A note on forward iteration of inner functions
Gustavo Rodrigues Ferreira
TL;DR
This work addresses forward iteration of inner holomorphic self-maps of the unit disk and establishes a dichotomy for locally uniform limits: any limit $F$ of the forward iterates $F_n=f_n\circ\cdots\circ f_1$ is either constant or inner, with non-constant limits characterized by $\sum_{n\ge1} (1 - |f_n'(0)|) < \infty$. In the Blaschke special case, the same dichotomy holds and, under a Frostman-type summability condition $\sum_{n\ge1} (1 - b_n'(0)) \log\frac{1}{1 - b_n'(0)} < \infty$ (with uniformly bounded degree growth), the boundary extensions converge in $L^1$ to the boundary limit; without this condition, boundary values may diverge on the entire boundary.

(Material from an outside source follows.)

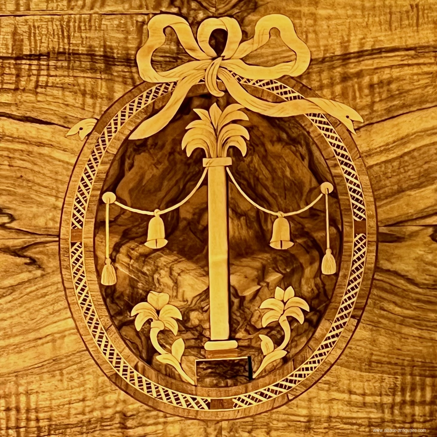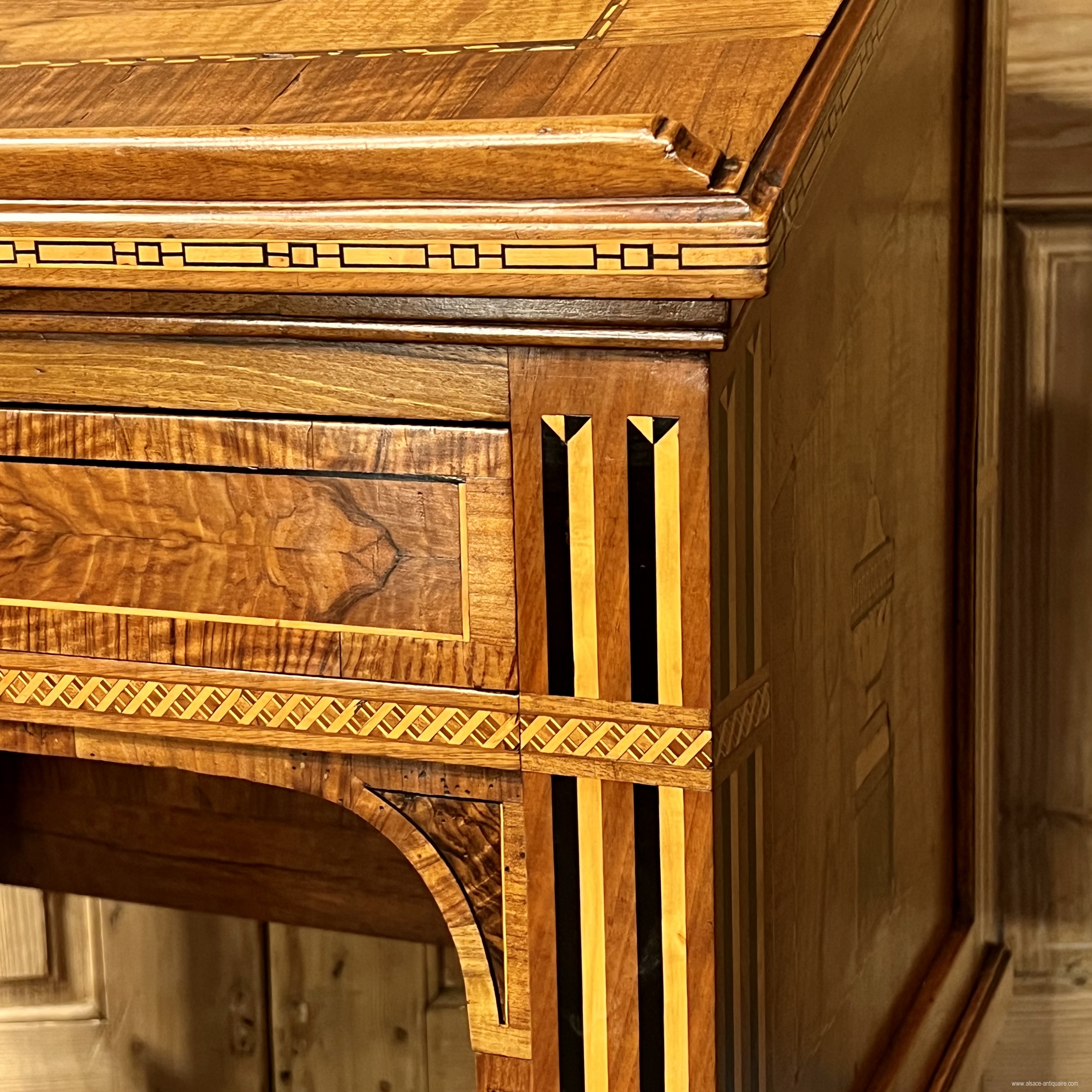 Meuble rare , ce secrétaire est marqueté de noyer et d’un décor Louis XVI original d’inspiration néoclassique . L’abattant présente en son centre un médaillon ovale dont les contours simulent une tresse feuillagée, au centre une colonne coiffée d’un chapiteau dorique est surmontée d’un boisseau de feuilles de palmier. Les cotés sont habillés d’un vase couvert posé sur un entablement et dont la panse est ceinturée de motifs à la grecque. Le dos du meuble est également parfaitement fini avec un frisage de noyer bordé d’un filet alternant bois clair et foncé, enserrant une guirlande de laurier soutenue par trois passants . Des cannelures simulées, alternant bois clair et foncé, habillent les montants, ces derniers s’appuient sur des pieds gainés de section carrée, dont le dé est décoré d’un motif architectural à 3 colonnes et souligné par un lambrequin en bois contrasté.
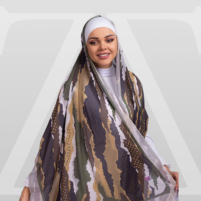 طرحة من الكريب شيفون الناعم مطبوعة ديجيتال بتصميمات زمرد فاشون الفريدة

The paper also proves that zeros of the iterates satisfy $Z(B_n)\subset Z(B_{n+1})$ and $Z(B)=\cup_n Z(B_n)$, implying the Blaschke condition $\sum_{z\in Z(B)} (1 - |z|) < \infty$ for the limit Blaschke product. A constructive counterexample shows Frostman failure leads to boundary divergence, highlighting the sharpness of the convergence criteria. Overall, the results connect forward-iteration dynamics of inner functions to zero-set structure and boundary behavior through precise summability and Frostman-type conditions.
Abstract
A well-known problem in holomorphic dynamics is to obtain Denjoy--Wolff-type results for compositions of self-maps of the unit disc. Here, we tackle the particular case of inner functions: if $f_n:\mathbb{D}\to\mathbb{D}$ are inner functions fixing the origin, we show that a limit function of $f_n\circ\cdots\circ f_1$ is either constant or an inner function. For the special case of Blaschke products, we prove a similar result and show, furthermore, that imposing certain conditions on the speed of convergence guarantees $L^1$ convergence of the boundary extensions. We give a counterexample showing that, without these extra conditions, the boundary extensions may diverge at all points of $\partial\mathbb{D}$.